PostgreSQL 9.4
I have a table called customers
which has a column income
integer. After runnig ANALYZE
against it I got the following statistic for the column:
most_common_vals
{20000,80000,40000,60000,100000}
Now, I run the following simple query EXPLAIN ANALYZE SELECT * FROM customers WHERE income=123123
to understand the rows count estimating. Output:
Seq Scan on customers (cost=0.00..738.00 rows=1 width=268) (actual time=4.669..4.669 rows=0 loops=1)
Filter: (income = 123123)
Rows Removed by Filter: 20000
Since the optimizer doesn't have statistic for the income
value 123123
, it made a wild guess for 0.5%
of the table size. So, the estimated row count should have been 500
. But the optimizer returned the 1
. Why? Maybe I didn't understand the estimating process of row counting of unknown values?
Couldn't you explain it a bit?
Best Answer
Since it was not in most_common_vals,
PostgreSQL
then looks in the histogram.
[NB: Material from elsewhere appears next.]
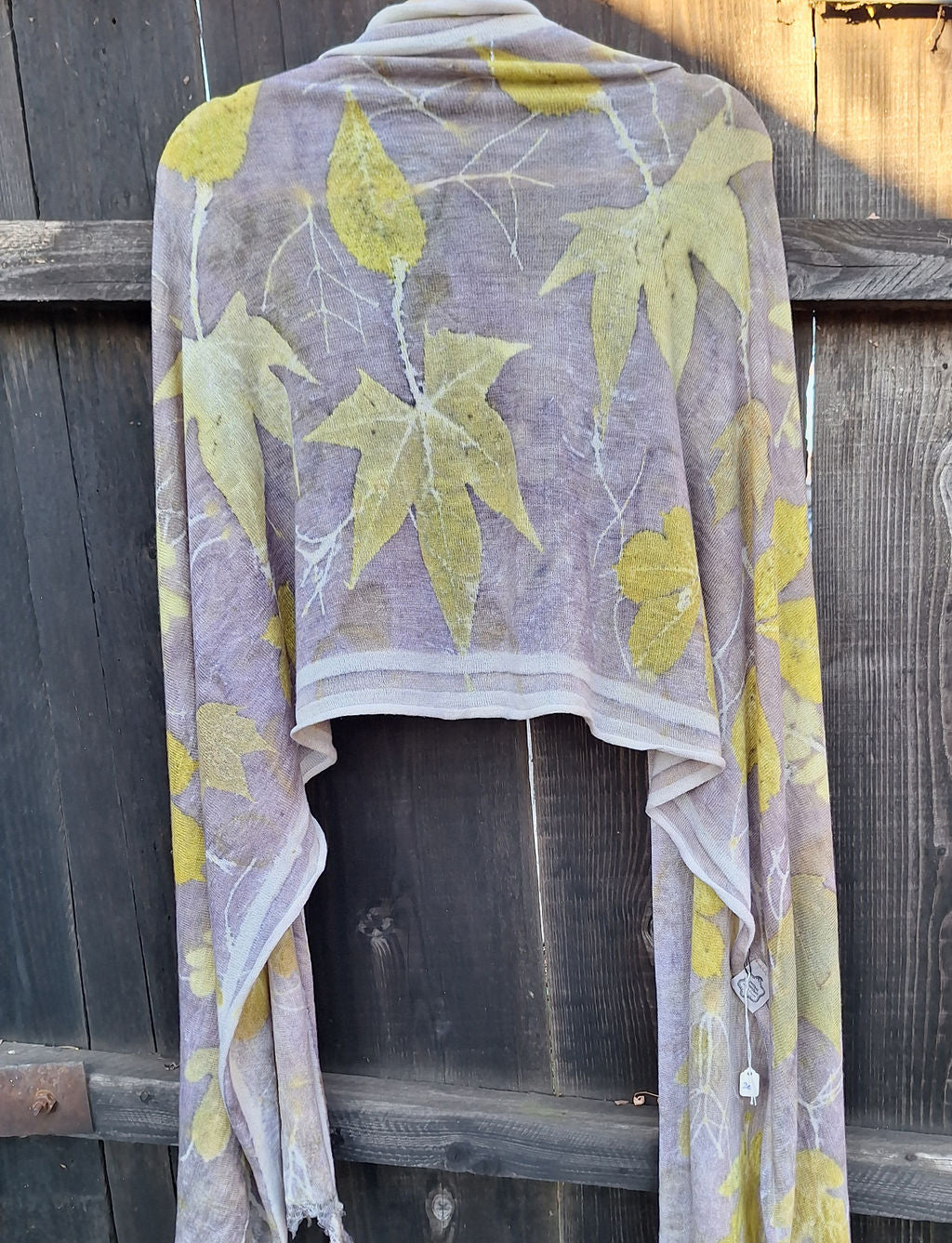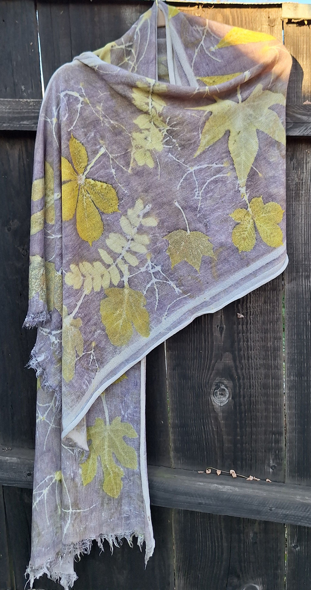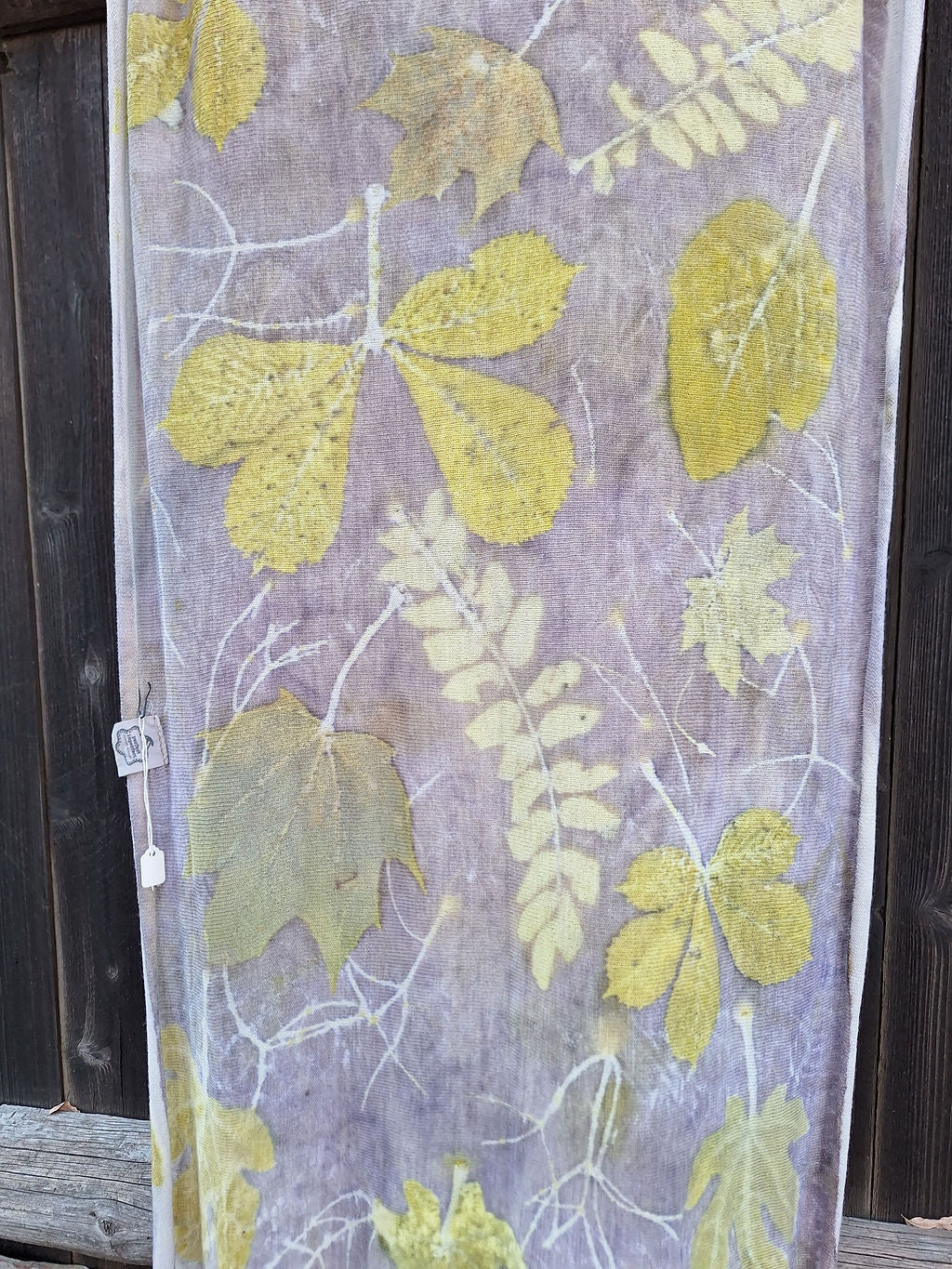 Irepetabilă. Imprimată manual cu frunze de smochin, castan, stejar, salcâm. Lână Merino 100%, ultra light, ultra fină.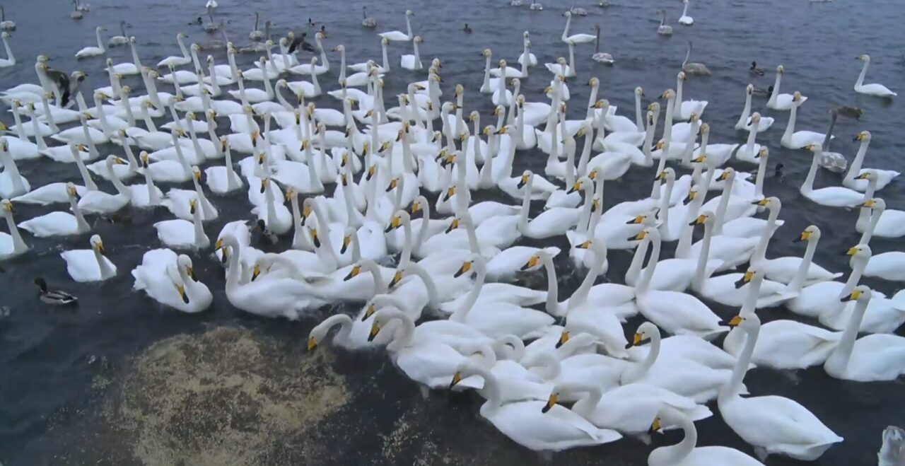 На кадрах, снятых 21 декабря, пернатые белым облаком плавают по зеркальной глади и радуют туристов.

If there is no histogram, it would conclude the most common values are the only values present in the table, and therefore the estimate for 123123 is zero. But it doesn't allow zero estimates in most places, to prevent div by zero error, and instead clamps it at 1.0.5% is for cases where there is no information, like for a generic query plan or a join where the value won't be known at planning time.
But having a list of MCV and the one you want not being present in that list and there being no histogram to fallback on does constitute information.